═══ DATA FOR PROCESSING

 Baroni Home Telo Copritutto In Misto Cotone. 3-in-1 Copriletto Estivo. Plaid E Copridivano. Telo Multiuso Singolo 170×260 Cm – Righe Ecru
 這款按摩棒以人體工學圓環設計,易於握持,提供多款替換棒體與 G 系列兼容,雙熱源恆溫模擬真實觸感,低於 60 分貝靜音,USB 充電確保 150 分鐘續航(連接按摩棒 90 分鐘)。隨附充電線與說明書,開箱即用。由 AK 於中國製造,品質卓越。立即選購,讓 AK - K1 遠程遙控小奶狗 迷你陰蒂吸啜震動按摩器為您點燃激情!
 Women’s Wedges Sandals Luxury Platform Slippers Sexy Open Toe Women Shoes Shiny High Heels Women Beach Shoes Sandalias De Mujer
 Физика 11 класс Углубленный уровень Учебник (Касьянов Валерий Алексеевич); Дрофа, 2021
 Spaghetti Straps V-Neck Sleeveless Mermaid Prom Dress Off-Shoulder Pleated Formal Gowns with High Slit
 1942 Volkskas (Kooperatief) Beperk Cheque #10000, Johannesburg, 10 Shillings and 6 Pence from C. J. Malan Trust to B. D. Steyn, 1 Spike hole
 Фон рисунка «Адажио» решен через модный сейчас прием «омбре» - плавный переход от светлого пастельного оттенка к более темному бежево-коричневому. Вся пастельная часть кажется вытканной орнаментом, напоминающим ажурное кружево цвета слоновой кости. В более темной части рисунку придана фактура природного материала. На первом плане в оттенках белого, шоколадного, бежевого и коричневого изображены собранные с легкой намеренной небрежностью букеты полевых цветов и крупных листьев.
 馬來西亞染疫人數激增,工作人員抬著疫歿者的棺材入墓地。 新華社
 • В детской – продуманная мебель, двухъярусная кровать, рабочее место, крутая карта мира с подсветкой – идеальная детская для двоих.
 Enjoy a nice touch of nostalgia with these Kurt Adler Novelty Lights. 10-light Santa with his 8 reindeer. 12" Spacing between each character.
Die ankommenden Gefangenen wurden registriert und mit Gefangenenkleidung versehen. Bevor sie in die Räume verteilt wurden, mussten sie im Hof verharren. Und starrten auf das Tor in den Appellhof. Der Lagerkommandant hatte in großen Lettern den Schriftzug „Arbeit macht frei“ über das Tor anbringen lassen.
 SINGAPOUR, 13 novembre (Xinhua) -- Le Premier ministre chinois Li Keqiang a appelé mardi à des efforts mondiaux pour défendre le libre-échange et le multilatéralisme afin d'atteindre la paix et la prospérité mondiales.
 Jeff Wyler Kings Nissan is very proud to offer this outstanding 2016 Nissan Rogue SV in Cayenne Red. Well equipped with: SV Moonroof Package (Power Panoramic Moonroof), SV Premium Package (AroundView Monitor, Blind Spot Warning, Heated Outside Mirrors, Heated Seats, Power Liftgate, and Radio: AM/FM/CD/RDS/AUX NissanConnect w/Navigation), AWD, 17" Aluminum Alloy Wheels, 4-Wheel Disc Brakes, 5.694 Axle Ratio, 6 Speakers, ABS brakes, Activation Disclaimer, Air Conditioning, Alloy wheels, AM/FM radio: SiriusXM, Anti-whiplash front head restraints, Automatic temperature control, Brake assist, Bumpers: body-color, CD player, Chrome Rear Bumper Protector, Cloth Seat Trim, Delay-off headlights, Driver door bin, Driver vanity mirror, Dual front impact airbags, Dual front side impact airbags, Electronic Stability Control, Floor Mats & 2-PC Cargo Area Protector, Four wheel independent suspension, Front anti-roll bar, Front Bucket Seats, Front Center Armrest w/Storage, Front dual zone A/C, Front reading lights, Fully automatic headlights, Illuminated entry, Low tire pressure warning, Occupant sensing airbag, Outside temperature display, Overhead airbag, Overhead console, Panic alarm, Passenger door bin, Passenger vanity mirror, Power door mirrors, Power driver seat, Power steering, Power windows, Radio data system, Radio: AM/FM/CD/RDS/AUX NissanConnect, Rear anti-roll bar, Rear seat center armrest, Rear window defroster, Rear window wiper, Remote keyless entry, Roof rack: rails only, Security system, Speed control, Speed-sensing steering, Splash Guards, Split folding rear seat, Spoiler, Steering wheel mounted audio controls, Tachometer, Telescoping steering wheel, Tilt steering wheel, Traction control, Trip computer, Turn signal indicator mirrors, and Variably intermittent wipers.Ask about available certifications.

══════

### THE PROBLEM
Retype, exactly and in full, the lines above from the one containing "Физика 11 класс" through the one containing "Die ankommenden Gefangenen".

### TASK RESULT
 Физика 11 класс Углубленный уровень Учебник (Касьянов Валерий Алексеевич); Дрофа, 2021
 Spaghetti Straps V-Neck Sleeveless Mermaid Prom Dress Off-Shoulder Pleated Formal Gowns with High Slit
 1942 Volkskas (Kooperatief) Beperk Cheque #10000, Johannesburg, 10 Shillings and 6 Pence from C. J. Malan Trust to B. D. Steyn, 1 Spike hole
 Фон рисунка «Адажио» решен через модный сейчас прием «омбре» - плавный переход от светлого пастельного оттенка к более темному бежево-коричневому. Вся пастельная часть кажется вытканной орнаментом, напоминающим ажурное кружево цвета слоновой кости. В более темной части рисунку придана фактура природного материала. На первом плане в оттенках белого, шоколадного, бежевого и коричневого изображены собранные с легкой намеренной небрежностью букеты полевых цветов и крупных листьев.
 馬來西亞染疫人數激增,工作人員抬著疫歿者的棺材入墓地。 新華社
 • В детской – продуманная мебель, двухъярусная кровать, рабочее место, крутая карта мира с подсветкой – идеальная детская для двоих.
 Enjoy a nice touch of nostalgia with these Kurt Adler Novelty Lights. 10-light Santa with his 8 reindeer. 12" Spacing between each character.
Die ankommenden Gefangenen wurden registriert und mit Gefangenenkleidung versehen. Bevor sie in die Räume verteilt wurden, mussten sie im Hof verharren. Und starrten auf das Tor in den Appellhof. Der Lagerkommandant hatte in großen Lettern den Schriftzug „Arbeit macht frei“ über das Tor anbringen lassen.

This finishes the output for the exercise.